Nor should you conflate that my sense of love springs from a Christian ethos; it comes from the recognition of how much richer and magnificent my life is when I’m with the person I love and how a smile from her can remove the overcast sky that would otherwise cast a pallor over me and another potentially amazing moment exploring our world together.

Sadly, I have to leave the comfort of my relationship in order to find the tension that allows me the space to try to discover why I am so content. Comfort breeds a kind of laziness where it’s easy to take for granted this most precious thing called love that, in moments together, arrives in absolute abundance.

So here I am, over 200 miles from home, with four hours between us and a commitment to stay where I am for five days. I feel that I have no choice if I’m to find what I’m looking for out here, and so I commit to exploring what is not immediately in front of me. As for what exactly I’m looking for, I still don’t know.

It’s a sad and tragic logic that by fostering environments of failure and isolation, they should become key ingredients to forming the character of a person in order to develop hate and self-loathing just so that they may do our bidding in war, dangerous jobs, and the ugliest of tasks that people with opportunity, bright futures, and the chance for love could not bring themselves to do.

Positive environments and the appearance of love are not guarantees of a person’s security and self-confidence. I’m well aware of plenty of examples of that to be true but I can’t believe that growing up in torment is a key to happiness.

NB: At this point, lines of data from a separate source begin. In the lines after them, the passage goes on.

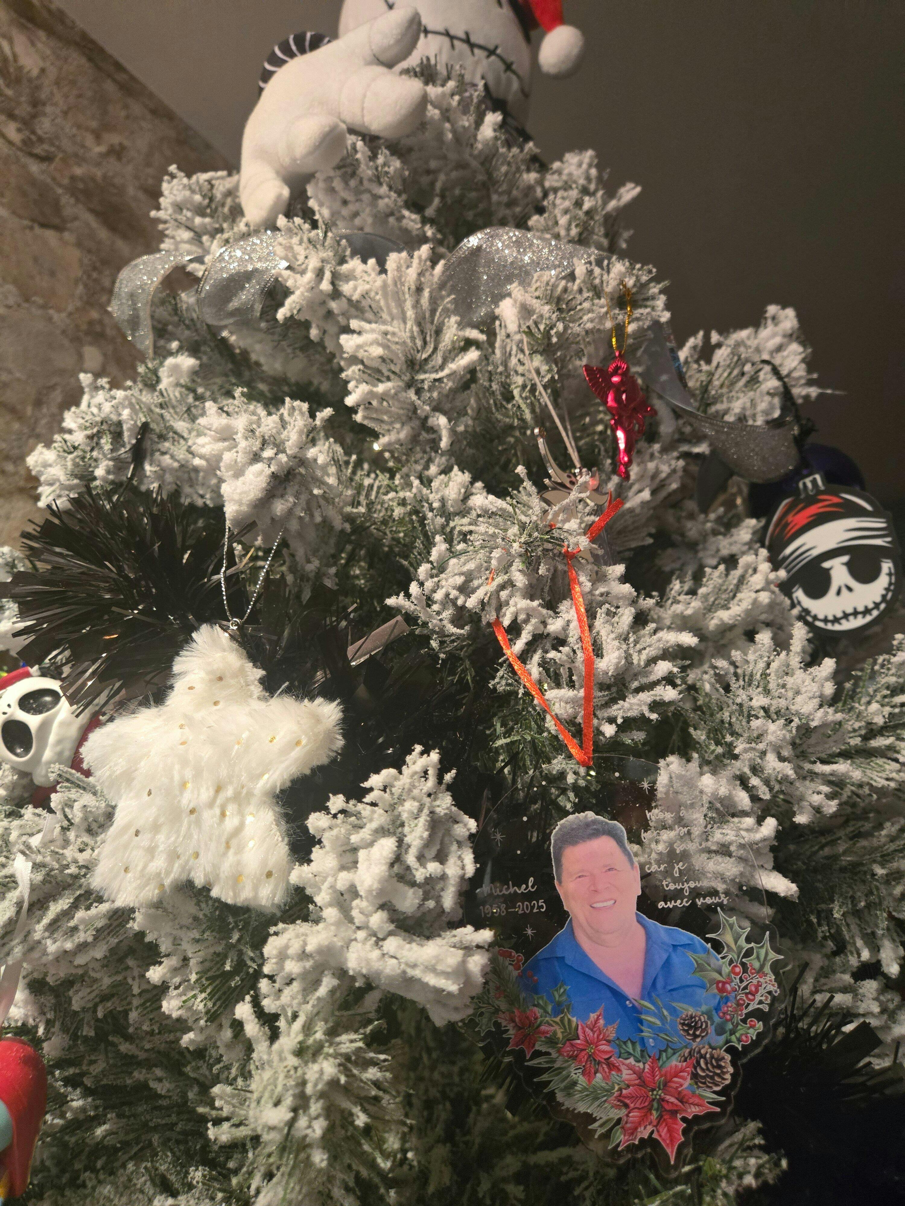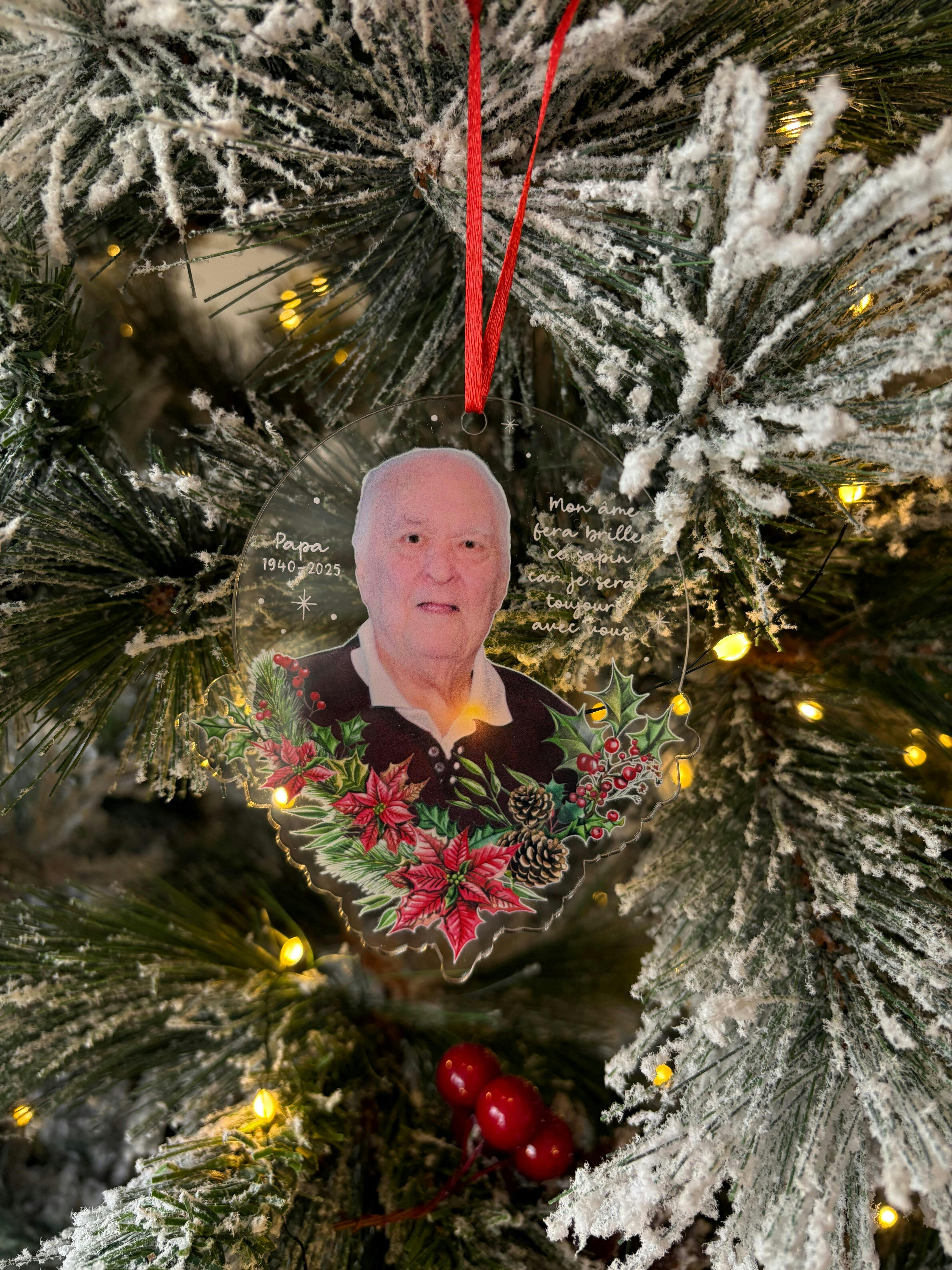 Ajoutez une touche unique à votre sapin avec cet ornement en acrylique, personnalisé d'un être cher disparu. C'est une belle façon d'immortaliser un souvenir et de rendre hommage à cette personne, que ce soit votre père, un ami ou même votre animal de compagnie. Cette décoration spéciale pourrait même être offerte à d'autres membres de la famille. Vous pouvez également changer le texte en le personnalisant.
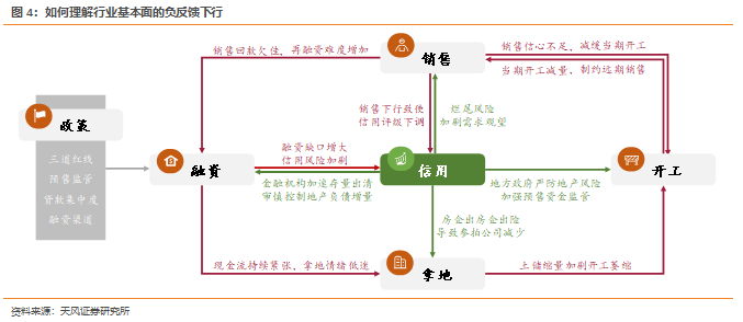 我们认为,本轮地产金融供给侧改革的初衷在于遏制泡沫化、金融化势头,引导行业平稳健康发展,在供给侧表现为制约房企无序扩张,规避大周期波动风险,在需求侧则表现为通过行政调控进行逆周期调节,进一步稳定短周期。但在执行过程中,监管机构、金融机构、房企、购房者、上下游参与者之间旧平衡被快速打破,新机制尚未建立之前,预期快速反转导致行业基本面、信用面出现负反馈式调整:长期供需结构变化,去杠杆暴露信用风险,债权人、监管资金、供应商加剧流动性挤兑,信用、交付风险和疫情冲击加剧需求观望情绪,销售下行进一步冲击行业现金流,并围绕产业链外溢至拿地、开工、施工等环节,逐渐偏离温和出清和健康调整的目标。
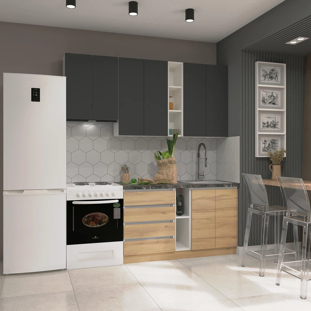 Кухня ДСП 3 Класік SENAM 2,0 м висота Н 900 плита окремо, без ручок Графіт сірий / Дуб крафт золотий (ДСП3Б20.1)
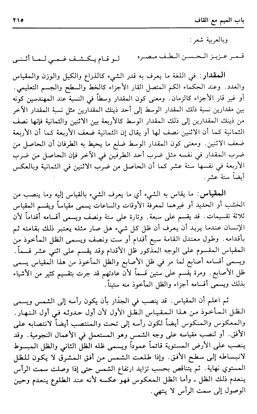 المقياس: مَا يُقَاس بِهِ الشَّيْء أَي مَا يعرف الشَّيْء بِالْقِيَاسِ إِلَيْهِ وَمَا ينصب من الْخشب أَو الْحَدِيد أَو غَيرهمَا لمعْرِفَة الْأَوْقَات والساعات يُسمى مقياسا وَيقسم المقياس ثَلَاثَة تقسيمات. قد يقسم على سَبْعَة. وَتارَة على سِتَّة وَنصف وَيُسمى أقسامه أقداما لِأَن الْإِنْسَان عِنْدَمَا يُرِيد أَن يعرف أَن ظلّ كل شَيْء هَل صَار مثله يعْتَبر ذَلِك بقامته ثمَّ بأقدامه. وَطول معتدل الْقَامَة سبع أَقْدَام أَو سِتّ وَنصف وَيُسمى الظل الْمَأْخُوذ من المقياس الْمَقْسُوم على الْوَجْه الْمَذْكُور ظلّ الْأَقْدَام وَقد يقسم على اثْنَي عشر قسما. وَيُسمى أقسامه أَصَابِع لما مر فِي ظلّ الْأَصَابِع والظل الْمَأْخُوذ من هَذَا المقياس يُسمى ظلّ الْأَصَابِع. وَمرَّة يقسم على سِتِّينَ قسما لِأَن عَادَتهم قد جرت بتقسيم كثير من الْأَشْيَاء بذلك وَيُسمى أقسامه أَجزَاء والظل الْمَأْخُوذ مِنْهُ ستينا.
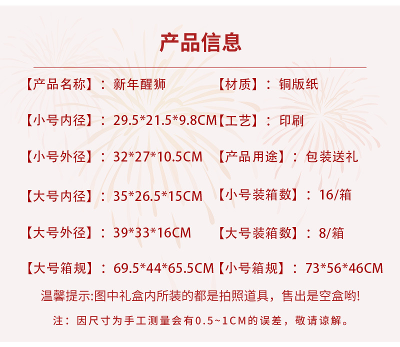 规格型号 新年醒狮礼盒;小号内径:29.5*21.5*9.8CM,新年醒狮礼盒;大号内径:35*26.5*15CM
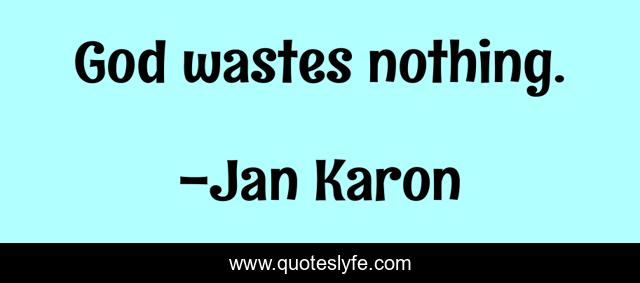This page presents the quote "God wastes nothing.". Author of this quote is Jan Karon. This quote is about self, knowledge,.

Clouds over Duncan, Arizona

In my attempt to commit this to paper or to the screen I feel that I can already sense the desire to shame me for this simplistic look at such an allegedly easy path to happiness. We need not emasculate ourselves or our culture as when there are two healthy sides of our nature instead of one dominating angry nature that will only be satisfied with destruction and self-destruction, we can start to repair our slide into mental illness.

There is an underlying masochistic need to my writing: to reacquaint myself with my own uncertainty, because I fear that what I commit to from out of my head will not be worthwhile, yet also opening me to the ridicule of failure. I persevere because further down the road, when I return to these musings, I not only sense where I’ve grown and progressed in trying to craft something meaningful to me, but I appreciate my own honesty in trying to share potential insights that highlight a time in my life so that others, who have not gotten here yet might read them, allowing me to serve as a shortcut to their own awareness.

And then there’s music. While nature’s tune is another bridge to the senses of those in love with its beauty, it is the melody created by people that becomes the path to moments in life where, hopefully, more than a few notes linger on the heartstrings of those affected by the passions. Today, on a drive to nowhere in particular, I brought up some music familiar to Caroline and me and found it clawing at my sense of missing her. Colors, shapes, weather, nor plants trigger my senses quite like a smile or a song. How music’s poetry can drive our emotions to well up, and pathos to spill out is part of the magic in which this amorphous thing called love has meanings that transcend gruff exteriors and callused feelings. Maybe what’s missing in my writing is the melody and poetry of the song as I beat my drum with the force of a hammer.

Escape to Nowhere

Sunrise in Duncan, Arizona

Perspective shifts are dependent upon the circumstances under which we travel. The naivete that accompanies us can turn into a bitter truth when our routine is disrupted and we see the world for what it is. No, this is not a blog entry about existential dread.

Short-sighted perception connects our view of reality as a sequence of our expectations. For example, I live in the city and treat roads as paths to other cities instead of connections between potentialities. Along the way, I may stop in a quaint village, my romanticized ideas grabbing hold of the old architecture and bucolic rural life in an idealized rendition I can fantasize about in order to have a memory that stands out in contrast to the monotony of my typical life in the city.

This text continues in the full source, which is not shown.